What is Premarital Counseling?
Simply put, it's guided counseling for the couple before they get married! Premarital counseling is mainly designed to guide the couple in discussings issues that will come up in their marriage: children, needs and expectations, money, communication issues, and intimacy. It assists the couple in developing skills they'll use to navigate their marriage as well as possibly identify areas of contention early on.
Premarital counseling can be free-form or very structured. It can range from one or two meetings to an extended series of sections; some larger places of worship (especially Catholic churches) may even hold premarital retreats. Some officiants do the counseling themselves while others require the couple see a licensed psychologist.
Why seek Premarital Counseling?
The obvious reason, of course, is that it might be required to get married. Premarital counseling is often required by officiants, especially ones from religious institutions, in order for a couple to be married. Another good reason is that it might make your wedding less expensive: some states give monetary discounts on the marriage license if a premarital course is completed.
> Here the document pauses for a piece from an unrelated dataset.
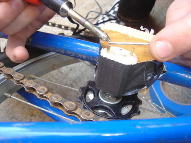 OK, ahora para la electrónica, a cortar la cabeza de su cargador y tira de los hilos de él y luego soldarlos al motor. Que tenga que usar algunas resistencias dependiendo de la tensión que toma su teléfono celular. También puede envolver el producto final en alguna cinta de color para que coincida con la moto como lo hicimos!

Beyond that though, there are many good times to get counseling, as suggested by the California Association for Marriage Family Therapists:
Myths and Excuses
Like for most counseling and therapy, you're bound to have excuses on why you shouldn't do it. Below are the common reservations you might hold about having premarital counseling and why those reservations shouldn't hold you back.
"The counseling will tell us we are incompatible"
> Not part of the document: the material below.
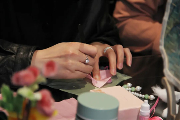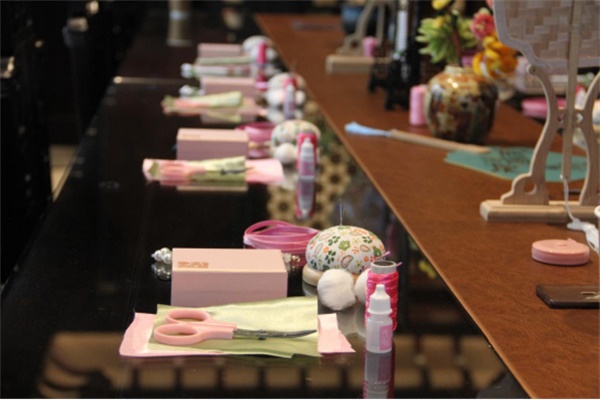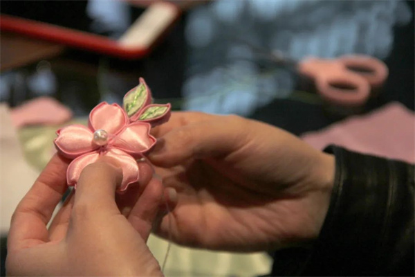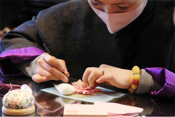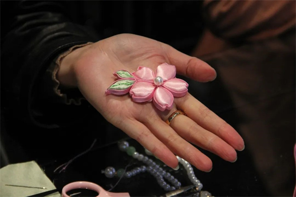 在老師的指導(dǎo)下,學(xué)員們紛紛動(dòng)手制作,通過裁剪、縫制、纏繞等步驟,一朵朵精致的桃花盤扣逐漸在大家手中綻放成形。

No couple is perfectly compatible. Knowing where opinions differ can help in resolving conflicts. The goal of premarital counseling is to bring these opinions to light, not to break you up. By getting them out in the open and discussing them, you'll be that much more able to resolve future conflicts. Don't worry - the counselor will not tell you to cancel the wedding.
"I know everything about my fiance already"
No you don't! Even if you've known them your whole life. With the help of a counselor and open discussion, couples can discover even more about each other. People always have opinions that they keep to themselves.
"I don't like therapy"
Don't worry, this isn't therapy. The discussion will be confined to issues that are relevant to newlyweds and compatibility. This is not couples counseling, which is far more in-depth and is usually reserved for couples in trouble. Premarital counseling is mainly "preventative".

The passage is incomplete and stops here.